AIM’s exponential growth in users and subsequent high valuation is partly due to a computer error replicating accounts instead of actual humans signing up in droves. And only Ilena and Mallory know.

Pushing AIM into the spotlight now, without reconciling the fake accounts, isn’t a risk, it’s an unpinned grenade. It will

go off. It will ruin AIM and everyone who gave up ski weekends and Cabo vacations and having kids when they were young to

help build it.

But Mallory keeps on shoving, no matter what Ilena says.

Entwined as rope and as disparate as oil and water. That’s been her relationship with Mallory since the beginning. Ilena’s

self-aware enough to realize that her judgmental nature, the thing she can’t seem to fully unlearn from her mother, can be

as detrimental as Mallory’s no-holds-barred approach. Their long friendship has been a system of checks and balances for them

both.

But the system has broken. The weight of their secrets has shattered it.

When Mallory came to Ilena a little over a month ago with the discovery of the duplicate accounts, they mourned together.

The AIM they’d built was a success. Just not at the level they thought it was.

Still, it was theirs, the manifestation of twenty-one years of friendship and partnership. It had been incredible and fulfilling

and hard, and this would be the hardest. But they wouldn’t let a software malfunction be their end. They’d fix it together.

They agreed on that.
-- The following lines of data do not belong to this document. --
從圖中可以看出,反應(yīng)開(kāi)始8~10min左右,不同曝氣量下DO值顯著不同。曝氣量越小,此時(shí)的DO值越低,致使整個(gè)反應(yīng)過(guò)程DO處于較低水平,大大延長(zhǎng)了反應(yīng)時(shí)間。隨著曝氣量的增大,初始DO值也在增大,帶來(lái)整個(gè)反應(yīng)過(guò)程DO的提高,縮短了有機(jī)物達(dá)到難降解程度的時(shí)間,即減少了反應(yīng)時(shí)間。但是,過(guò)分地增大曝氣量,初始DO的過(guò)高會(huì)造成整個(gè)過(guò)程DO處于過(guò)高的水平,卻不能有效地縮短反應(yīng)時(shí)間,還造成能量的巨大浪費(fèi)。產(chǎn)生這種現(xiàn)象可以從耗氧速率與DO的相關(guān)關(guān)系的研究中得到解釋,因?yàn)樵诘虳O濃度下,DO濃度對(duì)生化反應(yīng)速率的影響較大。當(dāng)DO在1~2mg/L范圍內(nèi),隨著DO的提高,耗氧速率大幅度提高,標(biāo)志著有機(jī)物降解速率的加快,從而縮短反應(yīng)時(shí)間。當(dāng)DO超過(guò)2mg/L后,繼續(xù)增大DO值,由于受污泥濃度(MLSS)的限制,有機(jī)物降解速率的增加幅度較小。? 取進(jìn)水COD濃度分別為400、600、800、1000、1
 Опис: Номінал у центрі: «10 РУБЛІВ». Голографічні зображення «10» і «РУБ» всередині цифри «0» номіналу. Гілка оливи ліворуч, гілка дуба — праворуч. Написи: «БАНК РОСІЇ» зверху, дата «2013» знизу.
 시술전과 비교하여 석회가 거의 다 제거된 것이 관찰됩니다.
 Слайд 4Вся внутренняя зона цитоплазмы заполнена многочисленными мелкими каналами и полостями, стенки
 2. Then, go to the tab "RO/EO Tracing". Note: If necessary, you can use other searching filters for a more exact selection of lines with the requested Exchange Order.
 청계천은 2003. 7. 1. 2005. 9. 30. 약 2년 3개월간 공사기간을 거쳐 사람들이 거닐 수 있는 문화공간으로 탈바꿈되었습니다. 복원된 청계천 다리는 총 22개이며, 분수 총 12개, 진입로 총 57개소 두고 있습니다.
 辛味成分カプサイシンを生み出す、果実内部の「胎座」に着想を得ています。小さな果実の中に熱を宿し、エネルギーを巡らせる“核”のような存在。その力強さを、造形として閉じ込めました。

What they couldn’t agree on was how. Aubrey’s fragile state after Ethan meant keeping the truth from

her, which meant keeping the truth from everyone, a decision that united Ilena and Mallory, that justified Ilena giving Mallory

the time she’d asked for to try to make it right—part of Ilena perhaps truly believing that Mallory could fix it because Mallory’s determination made her capable of anything. They are now a week out from going public. Nothing is

fixed. And this, this is wrong.

Except not to Mallory, who isn’t bound by rules or guilt or right or wrong. It’s who she’s always been. Ilena loves her because of and in spite of it.
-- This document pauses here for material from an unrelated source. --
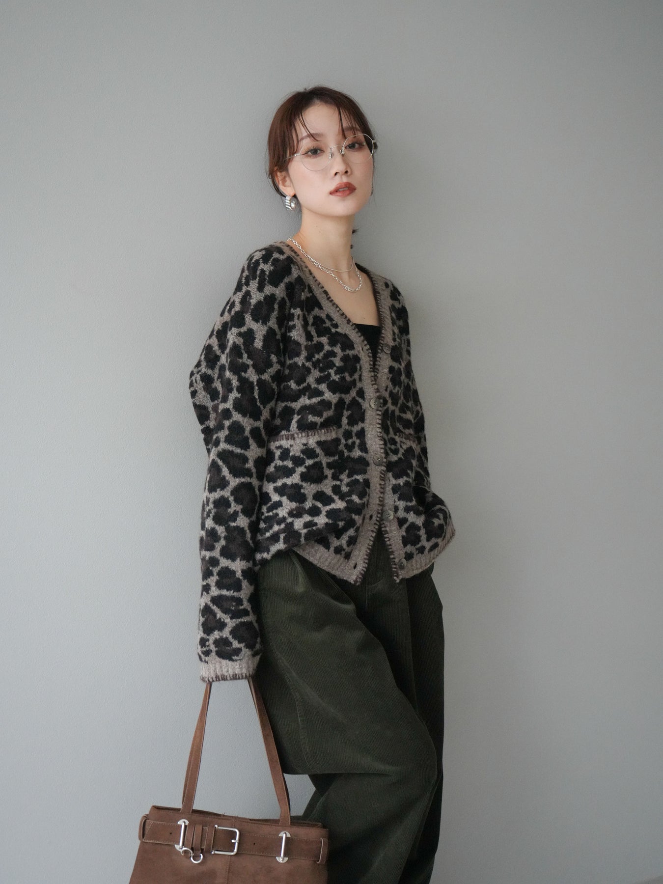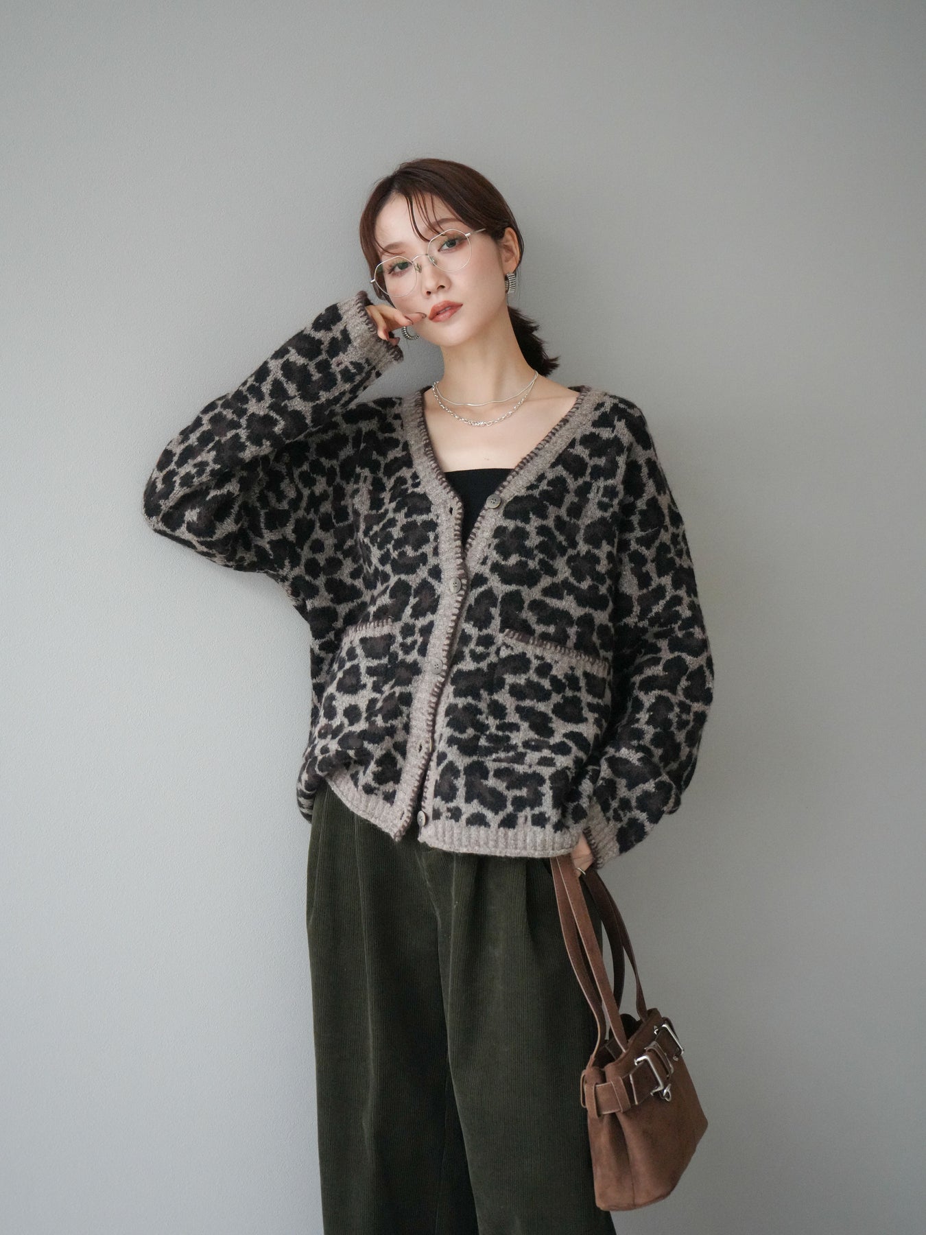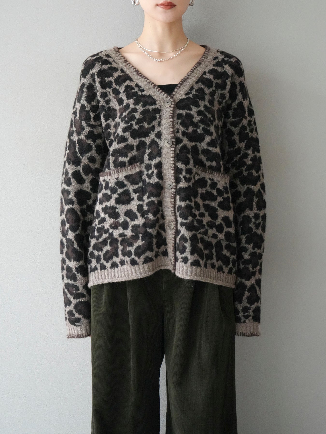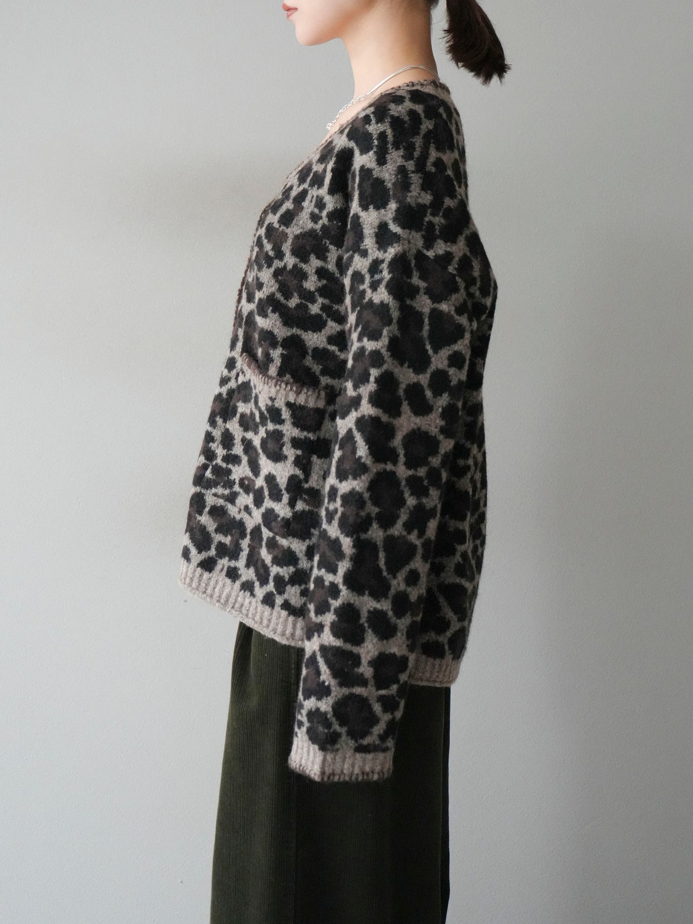[予約]アニマル柄ステッチニットカーディガン/brown

But that’s not Ilena, and she won’t let it become her. Ilena has every choice in the world, but yesterday, before the outing,

she gave just one to Mallory: Either we cancel the direct listing or I’m leaving AIM.

And with the issuing of that ultimatum, Ilena erased decades of sophisticated decorating and baking her own rugelach and loving

the man she’s married to, all things done partly to ensure she is nothing like her mother.
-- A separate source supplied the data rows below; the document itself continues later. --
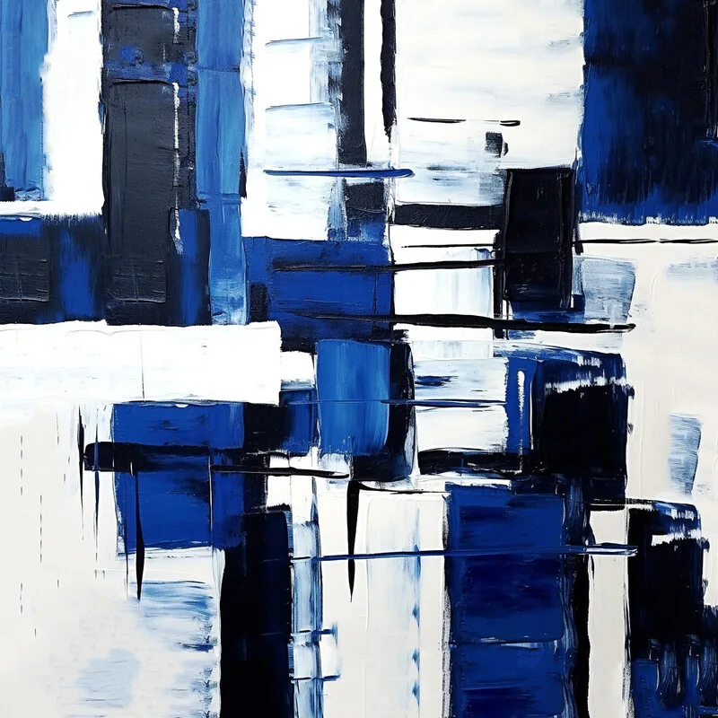 Canvas Print Abstract expressionism geometric grid black white & blue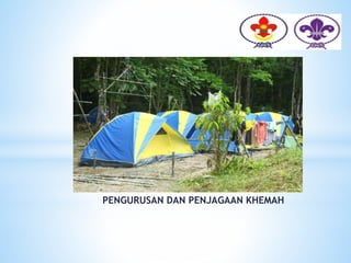 Dokumen ini membincangkan kemahiran perkhemahan dan penjagaan khemah, termasuk tip untuk menjaga keadaan khemah dan pelbagai gajet yang boleh dibuat untuk keselesaan semasa perkhemahan. Ia juga menggariskan amalan baik dalam membina gajet, termasuk penggunaan bahan semulajadi dan teknik ikatan yang betul. Aktiviti ini bertujuan untuk meningkatkan kebersihan, keselesaan, dan kemahiran berpengakap dalam kalangan peserta.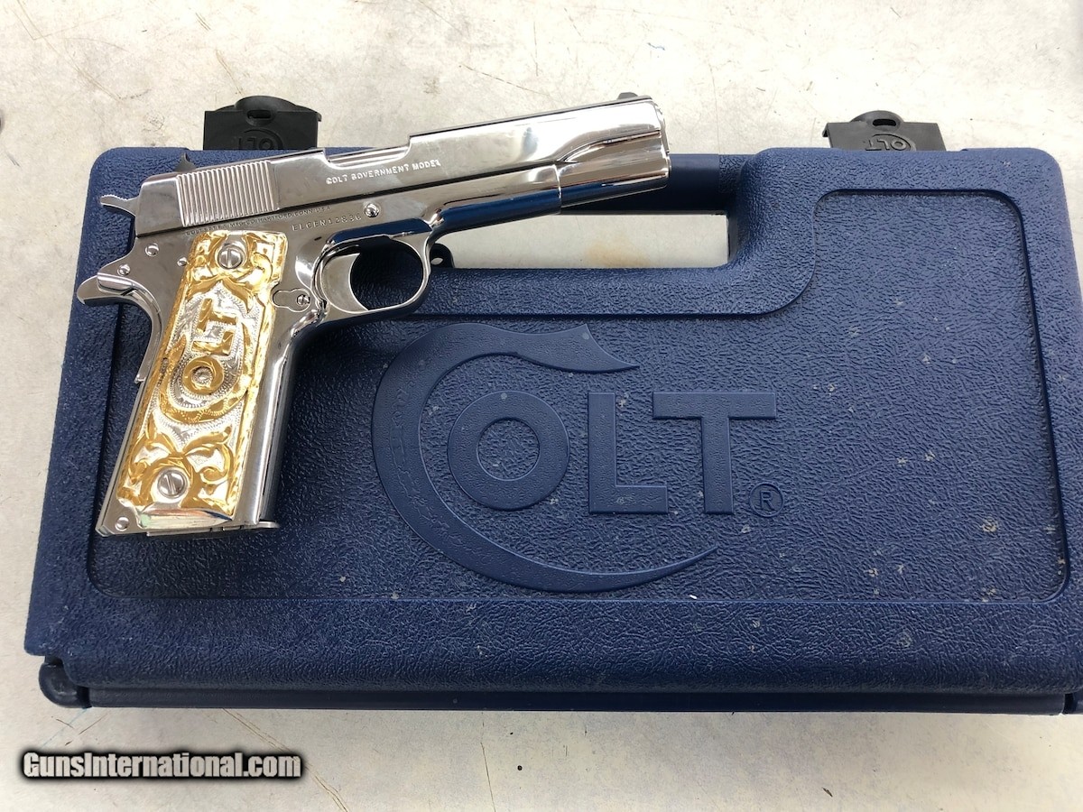 Description: Guns Listing ID: 616247 Chambered in super 38 AUTO HAS COLT GOVERNMENT BLUE CASE. Colt custom gold accent grips One magazine SOLD Manufacturer: COLT Model: 1911 GOVERNMENT 38 SUPER SERIES 70 Caliber Info: UNMARKED Condition: Used - Non-Certified Barrels: 5 BARREL Finish: CHROME |

Ilena refuses to be a woman on the cusp of forty, divorced, with a grenade of a company in her pocket.

The barrage comes like an assault.

The red spreading across his shirt. The smell of alcohol. The shattering of glass.

Ilena shoves the ensuing nausea away. She crushes the still-ringing phone in her hand, and guilt makes her answer Aubrey’s

call.

“Ilena! Is that you? Do I have you? Please tell me it’s you. I have no idea what to do, and I must have really messed up and—”

“Aubrey.” Ilena tries to cut her off, but the nonstop rambling continues, intensifying the throbbing in Ilena’s head. She

tries to sit up, but her lower back screams at her.

“But I’m naked, and I can’t find my clothes, and—”

Naked?

“Aubrey!” Ilena propels herself into a seated position. She bangs her head against a panel of hard wood behind her where the

upholstered linen should be and a wetness spreads beneath her. She thinks she may have just peed herself a little. Which makes

her snap, “Aubrey, slow down, just slow down.”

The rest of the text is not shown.